Maxwell Karen L, Wildes David, Zarrine-Afsar Arash, De Los Rios Miguel A, Brown Andrew G, Friel Claire T, Hedberg Linda, Horng Jia-Cherng, Bona Diane, Miller Erik J, Vallée-Bélisle Alexis, Main Ewan R G, Bemporad Francesco, Qiu Linlin, Teilum Kaare, Vu Ngoc-Diep, Edwards Aled M, Ruczinski Ingo, Poulsen Flemming M, Kragelund Birthe B, Michnick Stephen W, Chiti Fabrizio, Bai Yawen, Hagen Stephen J, Serrano Luis, Oliveberg Mikael, Raleigh Daniel P, Wittung-Stafshede Pernilla, Radford Sheena E, Jackson Sophie E, Sosnick Tobin R, Marqusee Susan, Davidson Alan R, Plaxco Kevin W
Ontario Cancer Institute and Department of Medical Biophysics, University of Toronto, Toronto, Ontario, Canada.
Protein Sci. 2005 Mar;14(3):602-16. doi: 10.1110/ps.041205405. Epub 2005 Feb 2.

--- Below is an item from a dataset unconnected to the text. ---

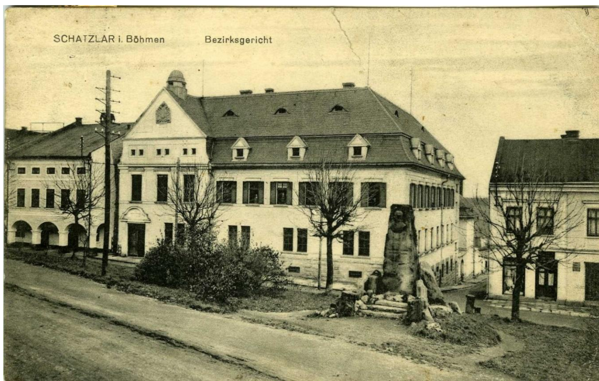
Historická pohlednice zachycující budovu současného sídla muzea čp. 10 z počátku 20. st., tehdy byl objekt sídlem okresního soudu

Recent years have seen the publication of both empirical and theoretical relationships predicting the rates with which proteins fold. Our ability to test and refine these relationships has been limited, however, by a variety of difficulties associated with the comparison of folding and unfolding rates, thermodynamics, and structure across diverse sets of proteins. These difficulties include the wide, potentially confounding range of experimental conditions and methods employed to date and the difficulty of obtaining correct and complete sequence and structural details for the characterized constructs. The lack of a single approach to data analysis and error estimation, or even of a common set of units and reporting standards, further hinders comparative studies of folding. In an effort to overcome these problems, we define here a "consensus" set of experimental conditions (25 degrees C at pH 7.0, 50 mM buffer), data analysis methods, and data reporting standards that we hope will provide a benchmark for experimental studies. We take the first step in this initiative by describing the folding kinetics of 30 apparently two-state proteins or protein domains under the consensus conditions. The goal of our efforts is to set uniform standards for the experimental community and to initiate an accumulating, self-consistent data set that will aid ongoing efforts to understand the folding process.
近年来,已经发表了一些预测蛋白质折叠速率的经验关系和理论关系。然而,由于与不同蛋白质组的折叠和去折叠速率、热力学以及结构比较相关的各种困难,我们测试和完善这些关系的能力受到了限制。这些困难包括迄今为止所采用的实验条件和方法范围广泛且可能相互混淆,以及难以获得所表征构建体的正确和完整的序列及结构细节。缺乏单一的数据分析和误差估计方法,甚至缺乏一套通用的单位和报告标准,进一步阻碍了折叠的比较研究。为了克服这些问题,我们在此定义了一组“共识”实验条件(pH 7.0、50 mM缓冲液,25摄氏度)、数据分析方法和数据报告标准,我们希望这些能为实验研究提供一个基准。我们通过描述30种明显呈两态的蛋白质或蛋白质结构域在共识条件下的折叠动力学,迈出了这一倡议的第一步。我们努力的目标是为实验界设定统一标准,并启动一个不断积累、自洽的数据集,以帮助正在进行的理解折叠过程的努力。